January 3rd, 2007 · No Comments

Apollon: World’s oldest ritual discovered. Worshipped the python 70,000 years ago

They did not burn the spearheads by chance. They brought them from hundreds of kilometers away and intentionally burned them. So many pieces of the puzzle fit together here. It has to represent a ritual…

Torfinn Ørmen, a zoologist who lectures on human evolutionary history at the University of Oslo, says that this is the biggest archaeological discovery in a long time.

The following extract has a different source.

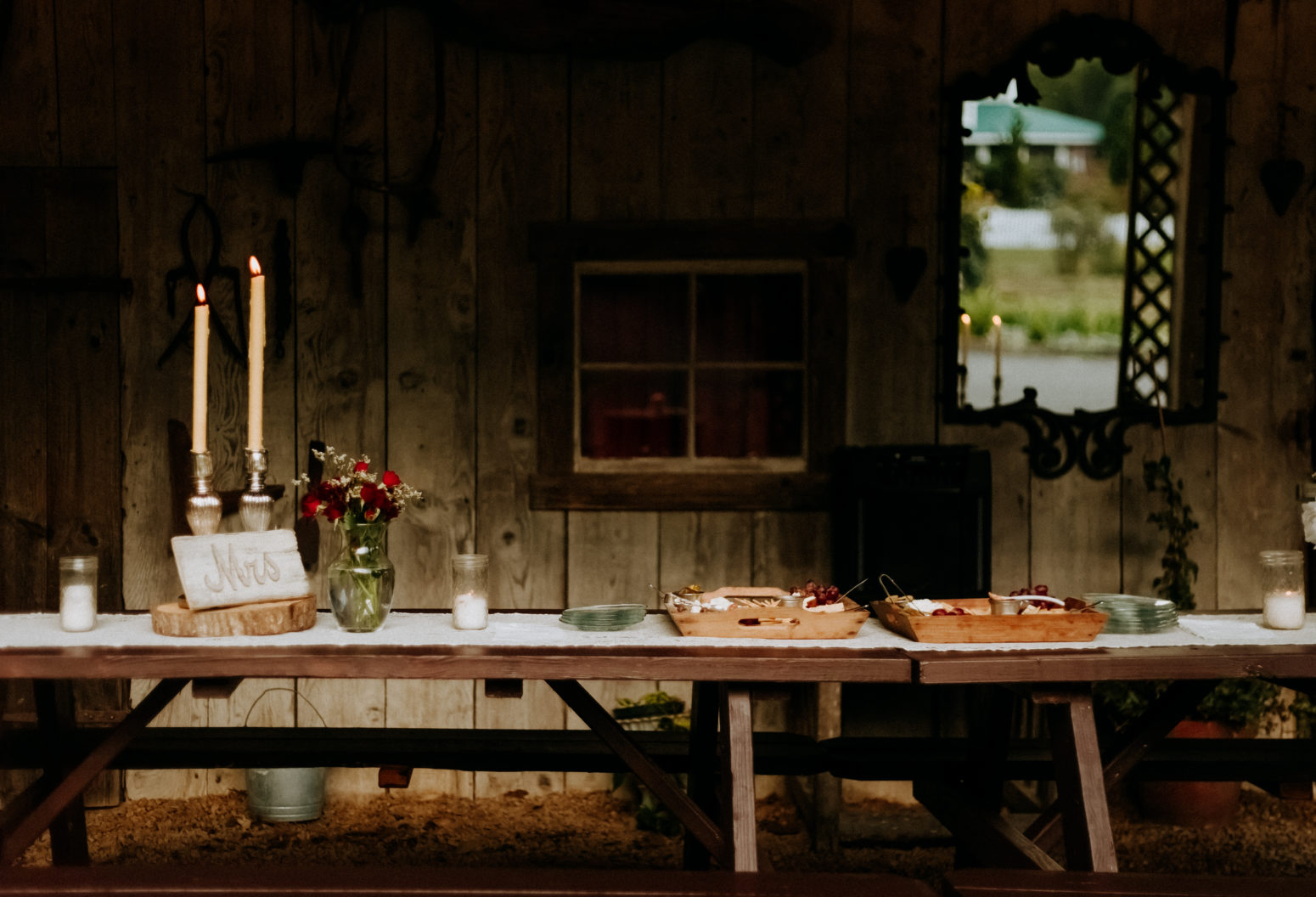The Barn was built in the 1870’s and has a lot of charm and character. The front has a beautiful bar and can be used for cocktail hour before the reception starts. The Barn’s Terrace is a completely outdoor venue with a flooring of mostly grass.

“Sheila Coulson’s discovery is going to garner attention the world over. This is the oldest ritual site that we know of and it was in use before physically modern man left Africa”, Ørmen points out. He explains that the San, who are also referred to as Bushmen, belong to the most ancient race of humans. The San, together with the Khoi (or Khoikhoi), separated from the rest of the worlds people about 70,000 years ago. Today they are commonly refered to as the Khoi-San people. The Khoi and the San are quite similar and were displaced by both the Europeans and the Bantu before and during colonization.

“Some researchers believe that modern man descended from the San. What is certain is that the San are a very old people and that they have a very deep connection to this area of Botswana. The Tsodilo Hills are the San people’s most sacred place; they have had a connection to it for thousands and thousands of years”, says Torfinn Ørmen.

The world’s oldest ritual had to do with destruction - destructing spear heads in the name of “God” or nature. Man has come 70,000+ years, without learning much, I might add. The Africans revered a python, an elephant and a giraffe. We revere other stuff.

Or is it that it is our rituals that define us?